> _Supplied records_:
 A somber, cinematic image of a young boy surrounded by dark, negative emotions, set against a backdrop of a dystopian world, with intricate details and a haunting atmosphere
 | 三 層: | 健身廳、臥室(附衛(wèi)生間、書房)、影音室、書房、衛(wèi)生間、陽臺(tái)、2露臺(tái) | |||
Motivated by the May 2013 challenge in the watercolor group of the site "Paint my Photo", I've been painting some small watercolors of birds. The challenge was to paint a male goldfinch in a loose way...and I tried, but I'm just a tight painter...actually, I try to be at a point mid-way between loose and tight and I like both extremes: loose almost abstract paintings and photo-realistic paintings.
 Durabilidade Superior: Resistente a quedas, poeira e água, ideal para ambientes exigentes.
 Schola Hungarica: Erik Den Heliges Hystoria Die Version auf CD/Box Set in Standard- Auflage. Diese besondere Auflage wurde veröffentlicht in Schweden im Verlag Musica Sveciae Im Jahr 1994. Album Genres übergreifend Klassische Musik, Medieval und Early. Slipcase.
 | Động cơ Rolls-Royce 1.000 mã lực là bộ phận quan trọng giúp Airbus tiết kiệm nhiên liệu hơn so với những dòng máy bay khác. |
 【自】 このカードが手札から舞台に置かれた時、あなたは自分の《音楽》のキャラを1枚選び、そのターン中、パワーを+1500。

...

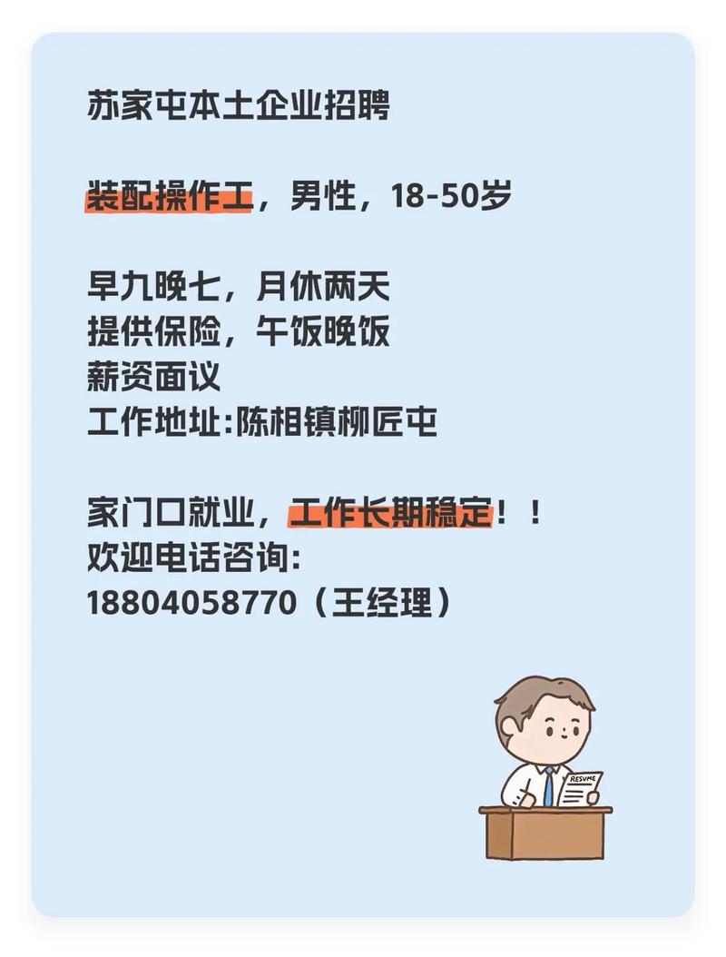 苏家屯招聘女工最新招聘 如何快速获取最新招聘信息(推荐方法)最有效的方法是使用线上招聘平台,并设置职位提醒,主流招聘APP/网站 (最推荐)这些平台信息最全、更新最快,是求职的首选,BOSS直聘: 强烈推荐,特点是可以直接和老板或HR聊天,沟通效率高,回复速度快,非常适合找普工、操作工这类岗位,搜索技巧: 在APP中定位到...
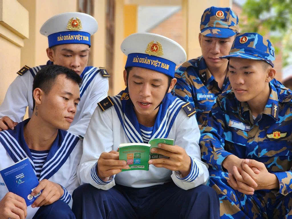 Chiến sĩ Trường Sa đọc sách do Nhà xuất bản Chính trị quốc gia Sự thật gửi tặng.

> _Work instructions_:
Using the entries above, output exactly the lines between the line holding "Motivated by the" and the line holding "Schola Hungarica: Erik", end lines included, and nothing more.

> _Answer to the exercise_:
Motivated by the May 2013 challenge in the watercolor group of the site "Paint my Photo", I've been painting some small watercolors of birds. The challenge was to paint a male goldfinch in a loose way...and I tried, but I'm just a tight painter...actually, I try to be at a point mid-way between loose and tight and I like both extremes: loose almost abstract paintings and photo-realistic paintings.
 Durabilidade Superior: Resistente a quedas, poeira e água, ideal para ambientes exigentes.
 Schola Hungarica: Erik Den Heliges Hystoria Die Version auf CD/Box Set in Standard- Auflage. Diese besondere Auflage wurde veröffentlicht in Schweden im Verlag Musica Sveciae Im Jahr 1994. Album Genres übergreifend Klassische Musik, Medieval und Early. Slipcase.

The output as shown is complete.